No significant circularity in the derivation chain.

full rationale

The paper introduces a differential operator to implement the pointed alien derivative on the topological string partition function and demonstrates that the generated algebra is isomorphic to the Kontsevich-Soibelman Lie algebra, linking resurgence to DT wall-crossing. This is supported by explicit Borel analysis and numerical matches of Stokes constants to DT invariants for the quintic and local P2 cases, including identification of D4 and D2-brane contributions. No step reduces by construction to a fitted parameter, self-defined relation, or load-bearing self-citation; the central isomorphism is presented as following from the operator's action on the partition function and its derivatives, with independent content from the resurgence asymptotics and external DT predictions.
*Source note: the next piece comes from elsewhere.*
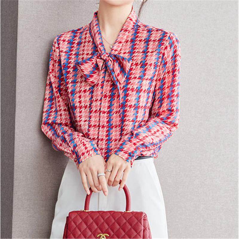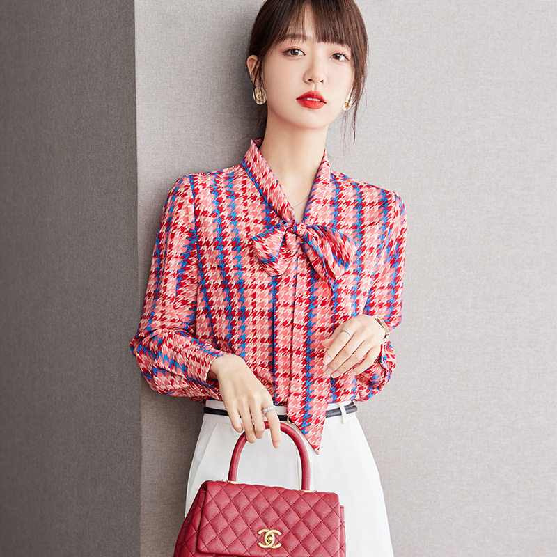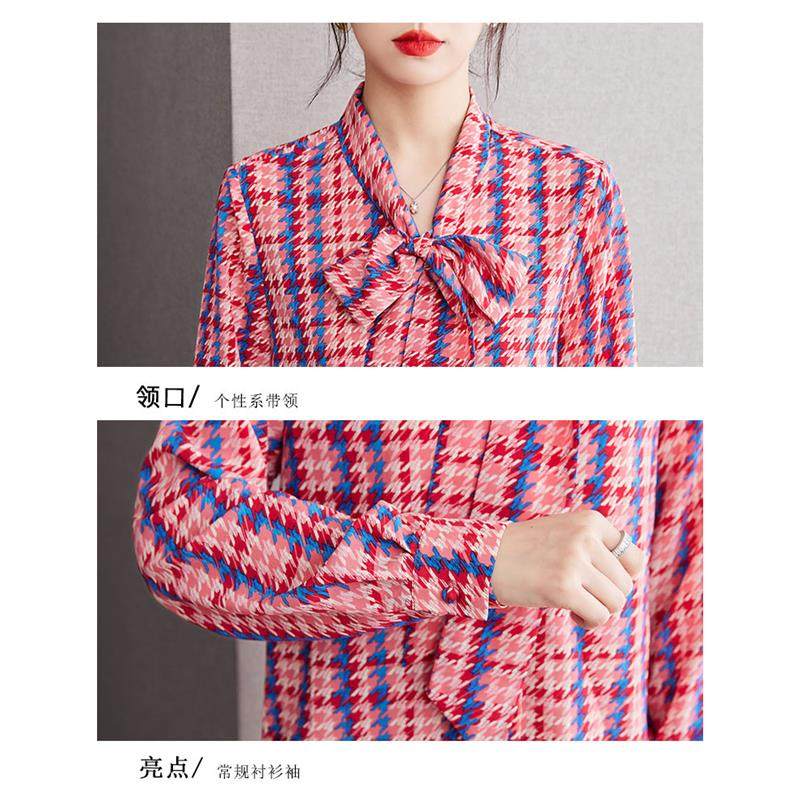 雪纺衬衫 正品 蝴蝶结红色碎花长袖 2025年春秋新款 女衬衣 哥家新女装

Axiom & Free-Parameter Ledger

0 free parameters · 1 axioms · 0 invented entities

Only abstract available; the central construction assumes the topological string partition function admits a well-defined resurgence structure with Borel singularities corresponding to physical instantons and bound states.

axioms (1)
  • domain assumption The topological string partition function admits a resurgence structure whose Borel singularities correspond to instanton contributions and bound states of D-branes.
    Required to define the action of the alien derivative operator and to interpret the numerical singularities.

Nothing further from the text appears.